Si elle souhaite demeurer à Québec, c'est qu'Isabelle désire rester proche de son fils de 11 ans et de sa fille de 13 ans, qui résident maintenant avec son ex-conjoint, et de ses parents, qui lui donnent un coup de main, mais qui, à près de 70 ans, n'ont plus la capacité de s'occuper à temps plein de leur fille handicapée.

«Je ne voulais pas aller en CHSLD, mais je n'ai pas eu le choix», laisse-t-elle tomber, le visage triste. «Ça fait seulement deux jours, et je capote. Les plus jeunes ici ont 65 ans et ce sont surtout des gens en fin de vie. Ils sont presque tous atteints de démence ou de la maladie d'Alzheimer. Il n'y en a que trois sur une centaine qui sont lucides et avec qui je peux discuter», raconte-t-elle, soulignant que ce milieu de vie est loin d'être fait pour une femme de 41 ans.

Isabelle doit en plus débourser 1800 $ par mois pour sa place en CHSLD, sans compter les frais de téléphone et d'internet qui ne sont pas inclus. «Tout ça pour un endroit qui ne convient pas à une personne comme moi. Je n'ai pas d'endroit pour installer mon ordinateur portable et je n'ai pas une garde-robe adaptée. J'étais habituée de manger santé et ici, la nourriture est exécrable. En plus, je n'ai droit qu'à un bain par semaine.»

Solutions de rechange

À défaut de mieux, Isabelle aurait aimé obtenir une place au centre d'hébergement Saint-Jean-Eudes, qui accueille une clientèle plus jeune. Les délais d'attente sont cependant très longs. «On est conscients qu'un CHSLD, ce n'est pas un milieu pour elle et on est très actifs dans le dossier», a réagi Catherine Chagnon, porte-parole du Centre intégré universitaire de santé et de services sociaux (CIUSSS) de la Capitale-Nationale.
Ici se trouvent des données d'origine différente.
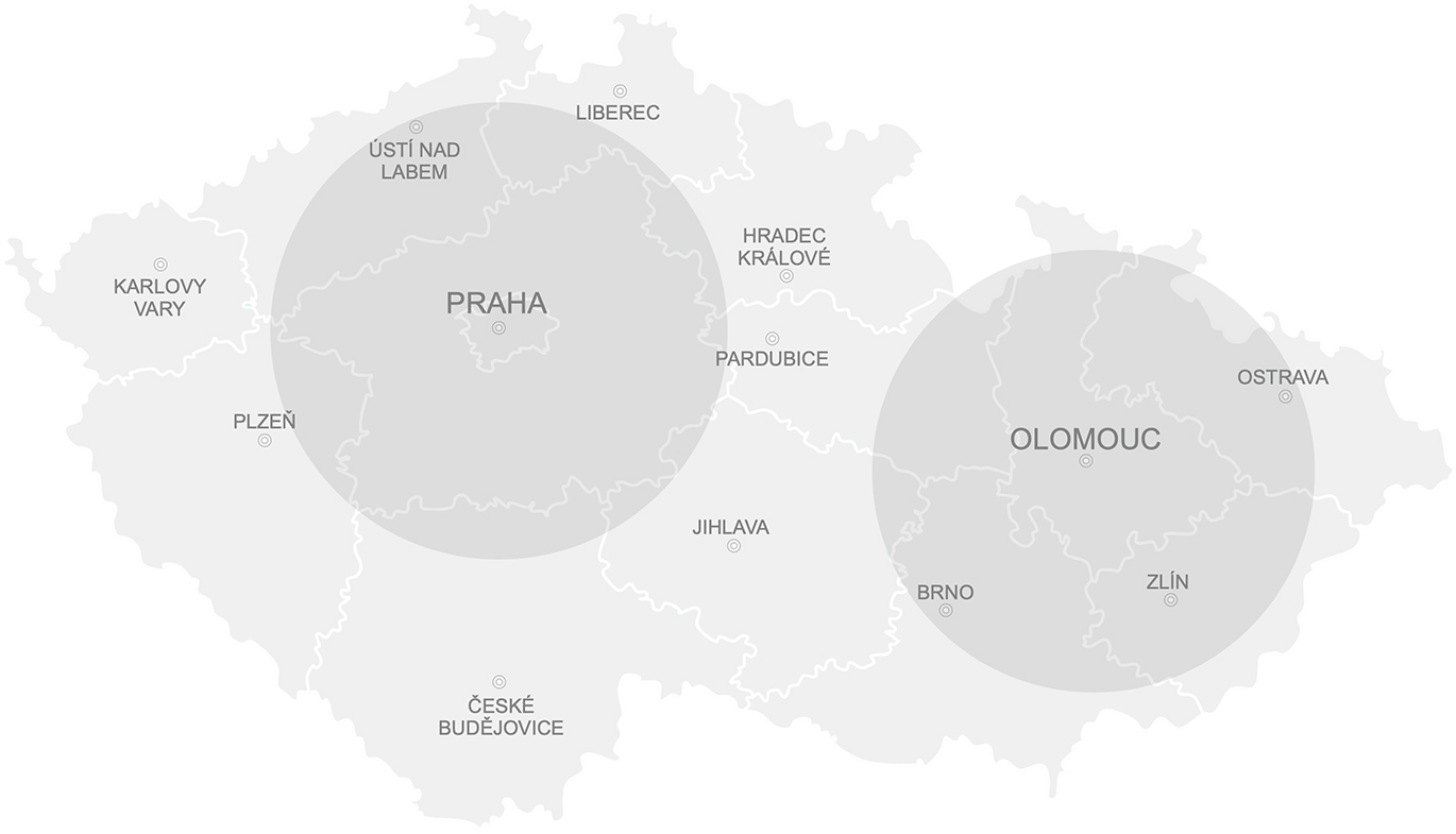 Nejčastěji montujeme ve vyznačených oblastech Praha, Olomouc, ale také Plzeň, Pardubice, Hradec Králové, Brno nebo Zlín.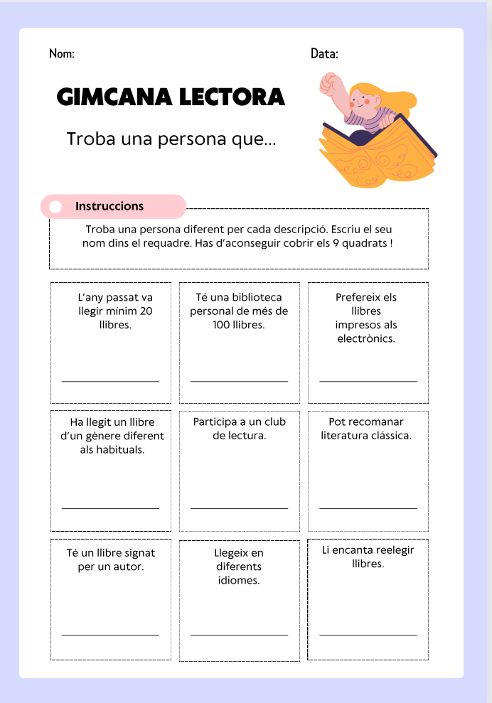 Cada alumne ha de trobar 9 persones per omplir els 9 requadres

«On est conscients qu'un CHSLD, ce n'est pas un milieu pour elle et on est très actifs dans le dossier.»

Catherine Chagnon
Porte-parole du Centre intégré universitaire de santé et de services sociaux (CIUSSS) de la Capitale-Nationale

Le CIUSSS est à la recherche de solutions de rechange pour Isabelle en attendant qu'une place se libère au centre Saint-Jean-Eudes. Les patients peuvent parfois attendre jusqu'à cinq ans avant d'avoir une place à Saint-Jean-Eudes.

Pendant ce temps, Isabelle continue d'espérer qu'une «perle rare» se manifestera dans la région de Québec pour lui offrir une place dans sa famille d'accueil. «Tant qu'à payer, j'aimerais avoir un endroit mieux adapté», poursuit cette lectrice du Soleil qui se surprend à rêver d'un arrangement comme celui de Marie-Noëlle Simard (aucun lien de parenté), une femme lourdement handicapée dont le cas a été rapporté par la chroniqueuse Mylène Moisan.

«J'ai lu qu'elle vivait maintenant avec une infirmière marocaine qui est en quelque sorte devenue sa colocataire et qui peut s'occuper d'elle. Ce serait merveilleux si je pouvais trouver une personne ou une famille comme ça pour m'accueillir», termine-t-elle.